EI328 Final Project Review (II)
A further step of this project is to implement Min-Max Modular Neural Network with parallel computing, which makes use of Liblinear library as the basic classifier.
We use Java multi-threading to solve this problem, and create a class called MinMax (./src/MinMax.java) to accomplish task 2 and task 3. At first, the main thread (a static method called by main) generates all the working threads (MinMax objects) after some requisite initializations. Then main_thread decomposes sub-problems (either randomly in task 2, or in light of prior knowledge in task 3) and puts them into a BlockingQueue called probBuf, while the working threads at the same time take sub-problems from probBuf, use Liblinear to generate models and put models into another queue called modBuf. After main_thread has provided all the sub-problems (as well as a sentinel), it will turn to modBuf, process the models generated by working threads (modify the thresholds) and put new models into another queue called newModBuf.

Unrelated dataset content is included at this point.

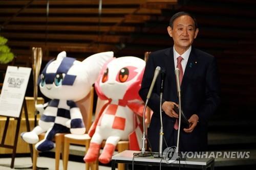 올림픽 마스코트 근처에서 회견하는 스가 총리 |
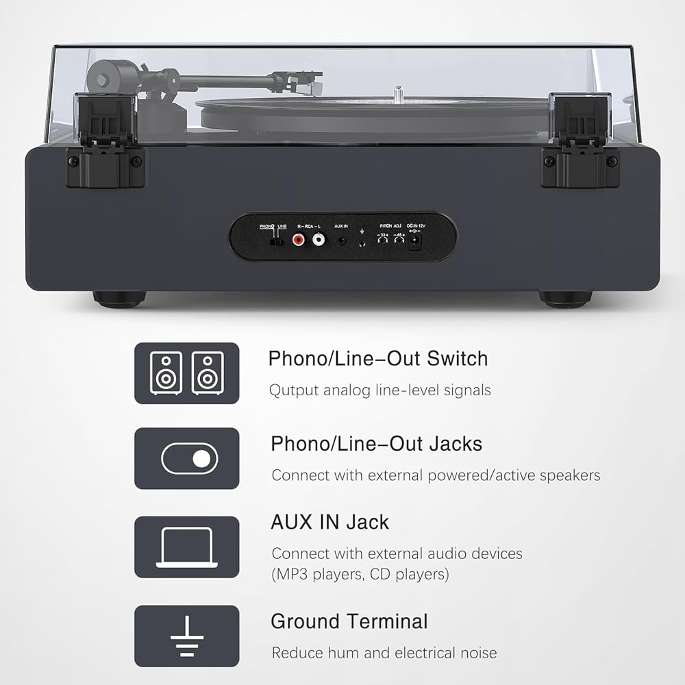RCA Line Out: The RCA line output allows you to easily connect the turntable to external speakers or audio systems, giving you more flexibility to customize your listening experience

When all the working threads have finished training, they will release waitTask signals to main_thread, and when main_thread gets all such signals it will give its order by releasing another signals called nextTask. In this way, testing procedure starts, and working threads repeatedly extract models from newModBuf and repeatedly revise minResult until newModBuf is empty. After that, main_thread will do the "maximization" to consummate the classification.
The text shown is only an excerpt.